## PROBLEM DESCRIPTION
In the material below, find the line with "Stl. 45x45 cm, kuddfodral" and the line with "撥水加工を施した表面はタフな". Output exactly those two lines and all lines between them, leaving out pictures.

## DATA SECTION
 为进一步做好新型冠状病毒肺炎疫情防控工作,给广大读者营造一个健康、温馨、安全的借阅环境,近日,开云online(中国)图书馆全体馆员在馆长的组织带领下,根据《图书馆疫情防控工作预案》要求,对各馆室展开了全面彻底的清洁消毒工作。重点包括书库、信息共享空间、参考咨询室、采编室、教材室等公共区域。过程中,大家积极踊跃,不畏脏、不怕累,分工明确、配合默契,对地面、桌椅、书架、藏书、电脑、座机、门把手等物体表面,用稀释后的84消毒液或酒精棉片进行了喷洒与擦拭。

--

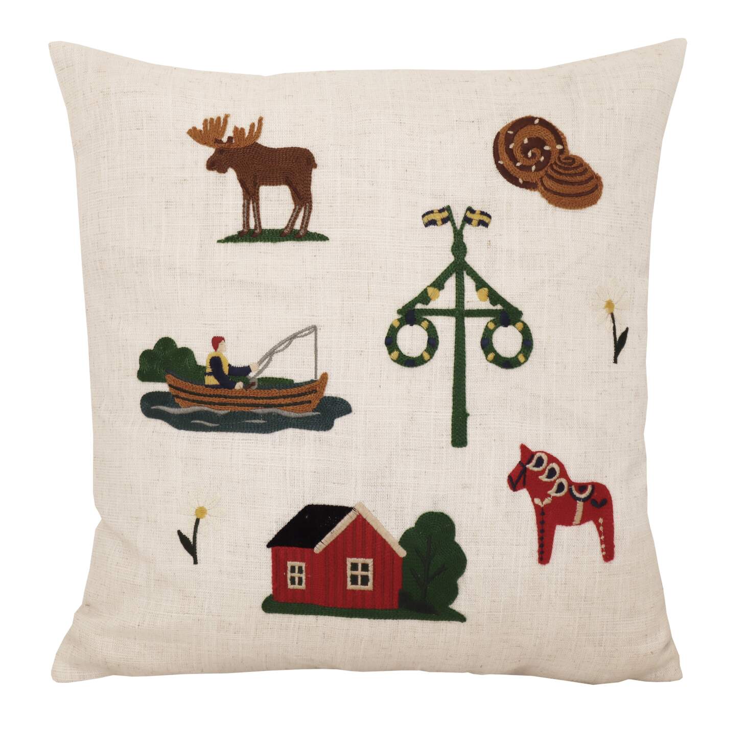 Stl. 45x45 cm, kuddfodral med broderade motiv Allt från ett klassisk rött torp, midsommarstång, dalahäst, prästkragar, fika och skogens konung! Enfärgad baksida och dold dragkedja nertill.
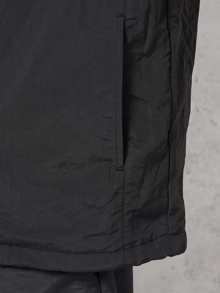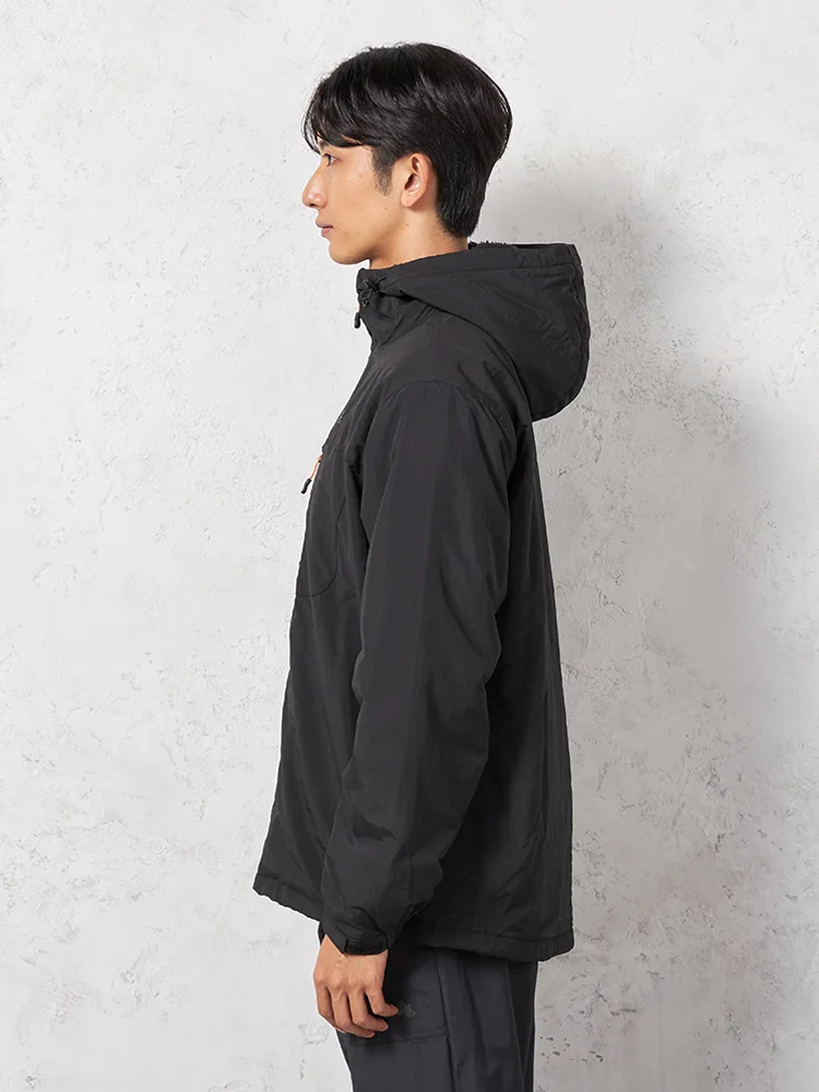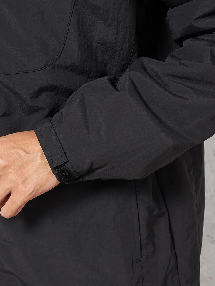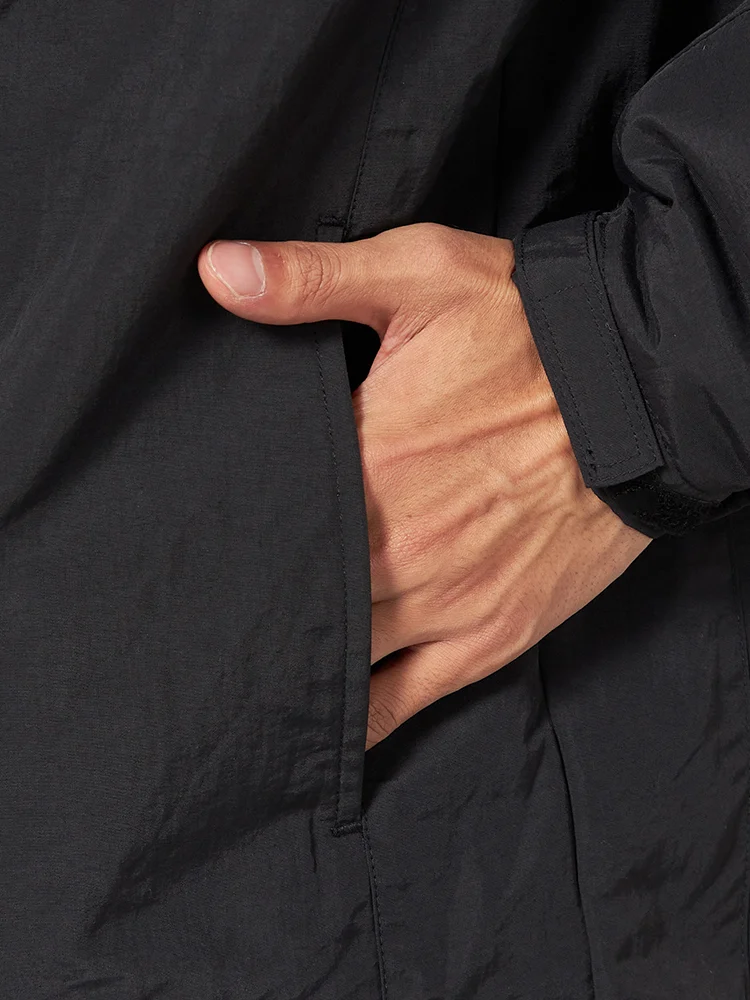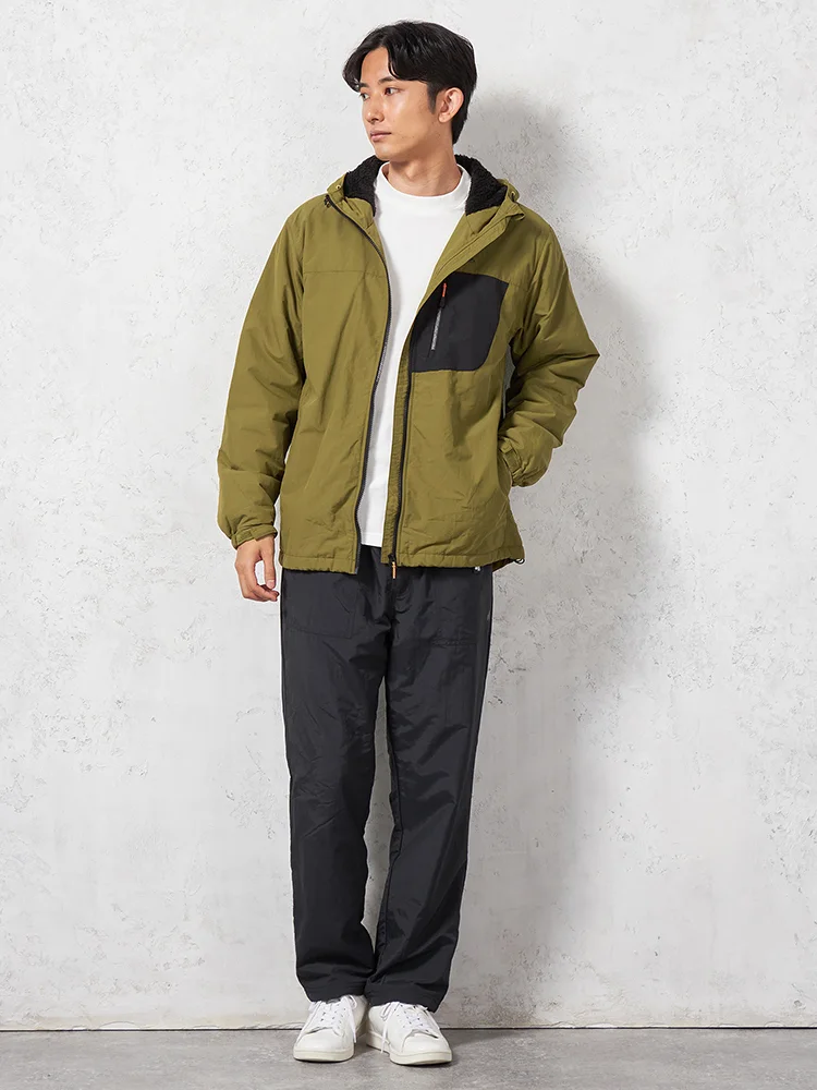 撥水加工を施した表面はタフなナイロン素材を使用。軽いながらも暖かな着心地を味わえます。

==

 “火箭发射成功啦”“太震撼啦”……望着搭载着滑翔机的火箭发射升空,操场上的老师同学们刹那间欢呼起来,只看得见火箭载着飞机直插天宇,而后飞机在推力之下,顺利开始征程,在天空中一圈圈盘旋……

## ANSWER
 Stl. 45x45 cm, kuddfodral med broderade motiv Allt från ett klassisk rött torp, midsommarstång, dalahäst, prästkragar, fika och skogens konung! Enfärgad baksida och dold dragkedja nertill.
 撥水加工を施した表面はタフなナイロン素材を使用。軽いながらも暖かな着心地を味わえます。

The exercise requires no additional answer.